- Supplied data:
=-=-=

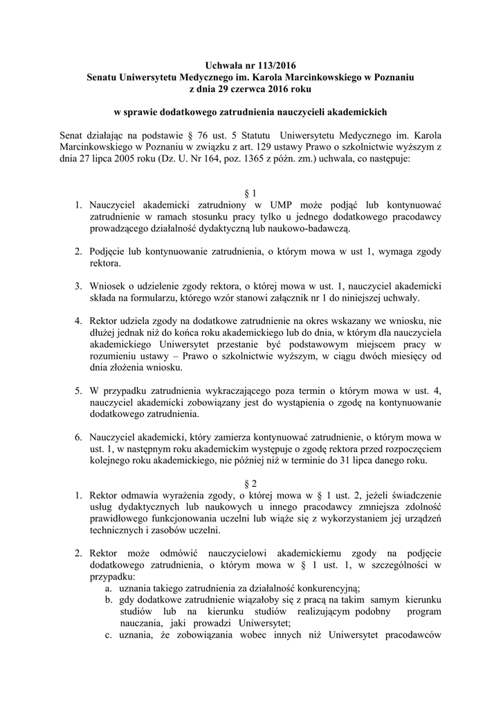 Uchwała 113/2016 - Uniwersytet Medyczny im. Karola
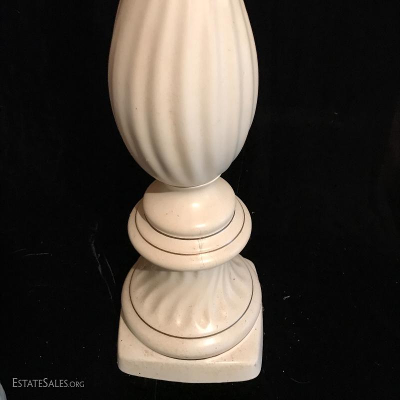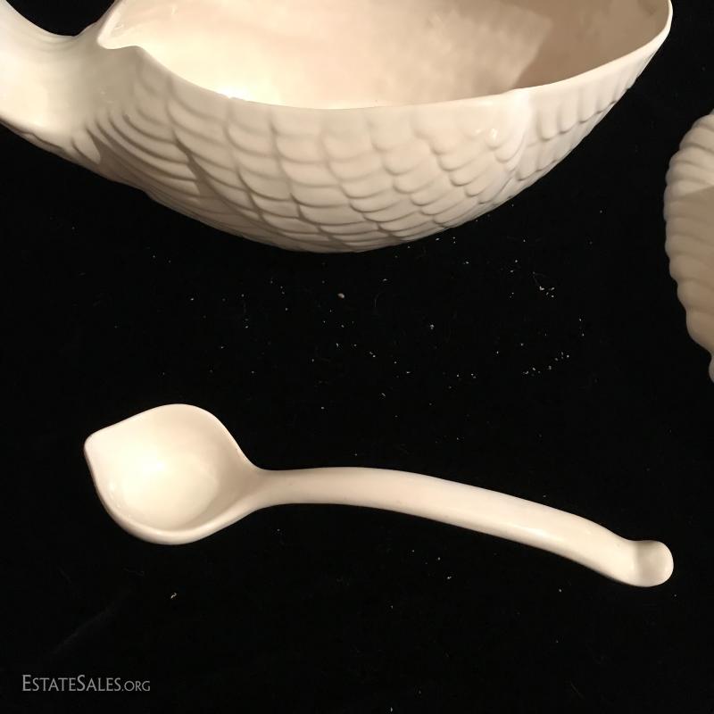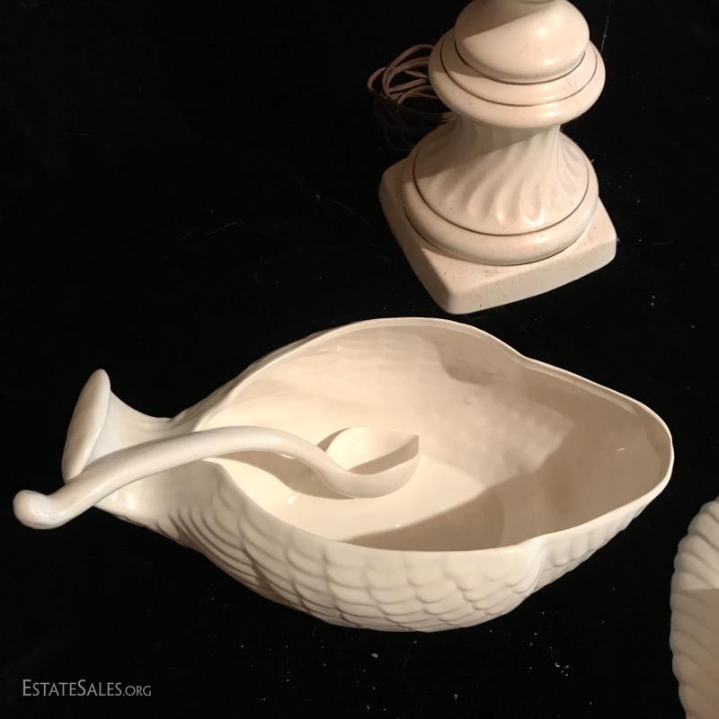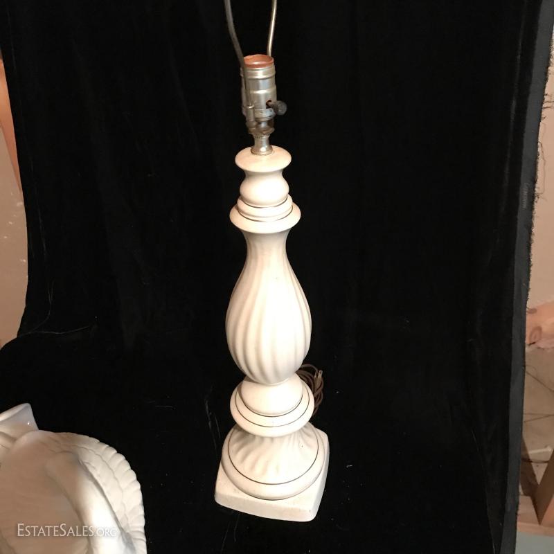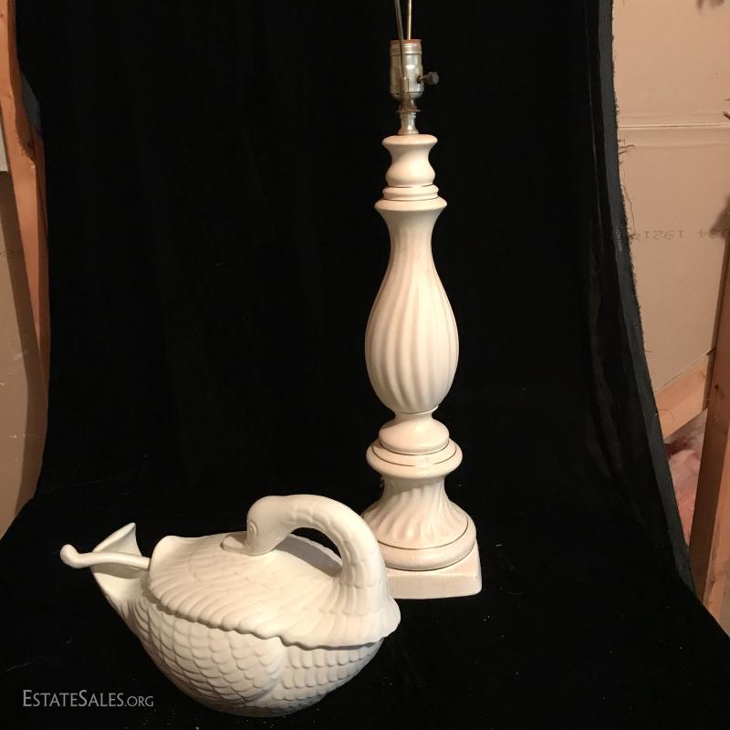 Ceramic lamp is white with gold accents and stands 32.5" tall. Ceramic swan soup tureen with ceramic ladle is in great condition and measures 14" x 7.5" x 9". This lot is available for local pick up only in Flat Rock, NC.
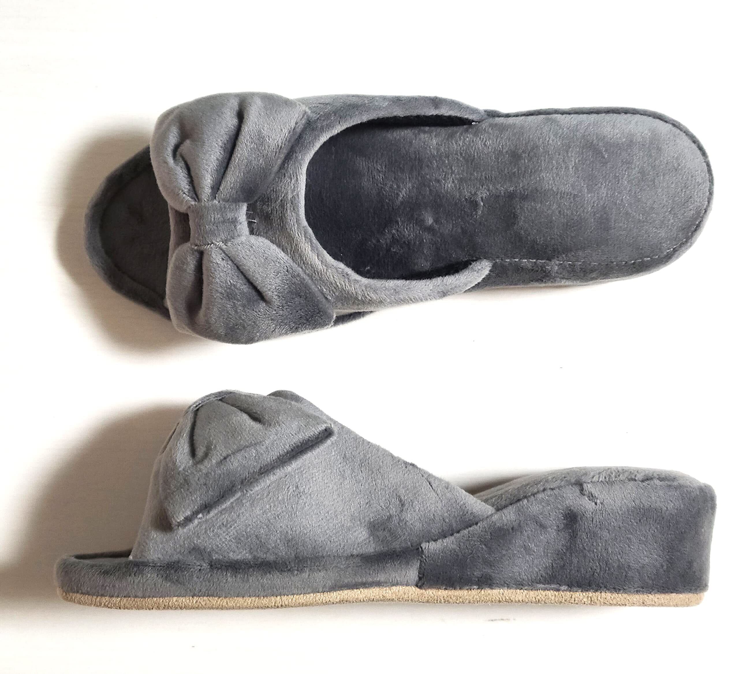 【特価セール】ベーシックスタンダード ヒールスリッパ レディース 室内 軽量 静音 おしゃれ 4cm 美脚 STYLE ベロア リボン グレー (学校 参観日 受験 プロ用 サロン エステ などに) M | gsmshop

=-=-=

- Activity:
Every line above needs to be written out again as it stands. Pictures do not belong in the copy.

- Output for this exercise:
 Uchwała 113/2016 - Uniwersytet Medyczny im. Karola
 Ceramic lamp is white with gold accents and stands 32.5" tall. Ceramic swan soup tureen with ceramic ladle is in great condition and measures 14" x 7.5" x 9". This lot is available for local pick up only in Flat Rock, NC.
 【特価セール】ベーシックスタンダード ヒールスリッパ レディース 室内 軽量 静音 おしゃれ 4cm 美脚 STYLE ベロア リボン グレー (学校 参観日 受験 プロ用 サロン エステ などに) M | gsmshop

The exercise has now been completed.